The evidence that PrEP can prevent infections is commonly accepted. What this study sought was a schedule patients were most likely to adhere to while on PrEP. The study included 179 women in Cape Town, 179 gay men and transgender women in Harlem, and 178 gay men and transgender women in Bangkok. Participants were randomly assigned to a group and each person was prescribed Truvada and told to take the pills according to their group's schedule. 

One group was took the pill daily. The second group took the pill twice a week and once after sex. The third took the pill before and after sex. Groups were given information on HIV infection and PrEP, and were given other preventative measures such as condoms. Anyone infected during the study was refered to care. 

Of the three groups, the one with the highest adherence was the daily pill regimen. South African women reported that the daily schedule was the easiest to keep, and this sentiment was reflected in the Harlem and Bangkok groups where adherence to a daily schedule was 65 percent and 85 percent, respectively.

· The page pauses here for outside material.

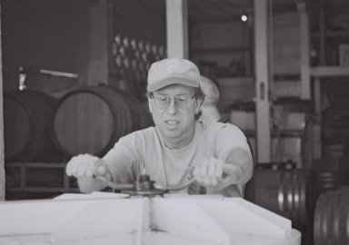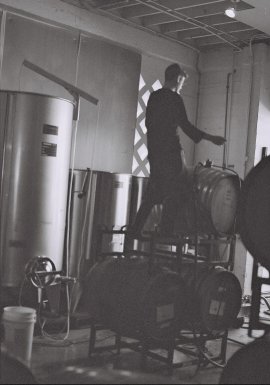 very, very serious as the wine is pumped into a barrel.

"[The study] showed that daily dosing was the easiest PrEP regimen to follow," said Jonathan Mermin, director of the National Center for HIV/AIDS, Viral Hepatitis, STD and Tuberculosis Prevention at the Centers for Disease Control and Prevention. "This is important and encouraging news, since we know that PrEP offers high level of protection against HIV when taken daily." 

Currently, the CDC recommends a daily regimen of PrEP for those who take it in the US, though critics of PrEP have raised doubts that people could adhere to a daily schedule.